The beginning of the 20th century is known as a Silver Age of the Russian poetry. Anna Akhmatova, Innokenty Annensky, Alexander Blok, Marina Cvetaeva, Sergei Esenin ,Lev Gumilev, Daniil Kharms, Velimir Khlebnikov ,Osip Mandelstam, Vladimir Mayakovsky, Boris Pasternak are among the most famous authors of that period.

Sovietization of Russia affected literature after 1917. Maxim Gorky, Nobel Prize winner Mikhail Sholokhov, Valentin Kataev, Alexei Tolstoi, Vladimir Mayakovsky came to prominence. Whilst Socialist realism gained official support in the Soviet Union, some of the writers were secretly continuing the classical tradition of Russian literature: Mikhail Bulgakov, Boris Pasternak, Andrei Platonov, Osip Mandelstam, Isaak Babel, Vasily Grossman, writing "under the table", with the only hope of being published after their deaths.

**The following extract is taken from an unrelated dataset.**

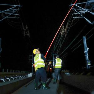 4月20日,中鐵武漢電氣化局工作人員在都勻東站附近的軌道上進(jìn)行驗電操作。

Meanwhile, émigré writers such as Nobel Prize winner Ivan Alekseyevich Bunin, Alexandr Kuprin, Andrey Bely, Valeri Bryusov, Marina Tsvetaeva and Vladimir Nabokov continued to flourish in exile.

In post- Stalin Russia the Socialist realism was still the only permitted style; writers like Nobel Prize winner Alexandr Solzhenitsyn, who built his oeuvre on the legacy of the gulags, continued the tradition of clandestine literature.

In the post-Communist Russia most of these works were published and became a part of mainstream culture.

In the end of the 20th century Russias literature is having hard times, with maybe only two writers raising above the mass of pulp fiction. These are Victor Pelevin and Alexandr Sorokin.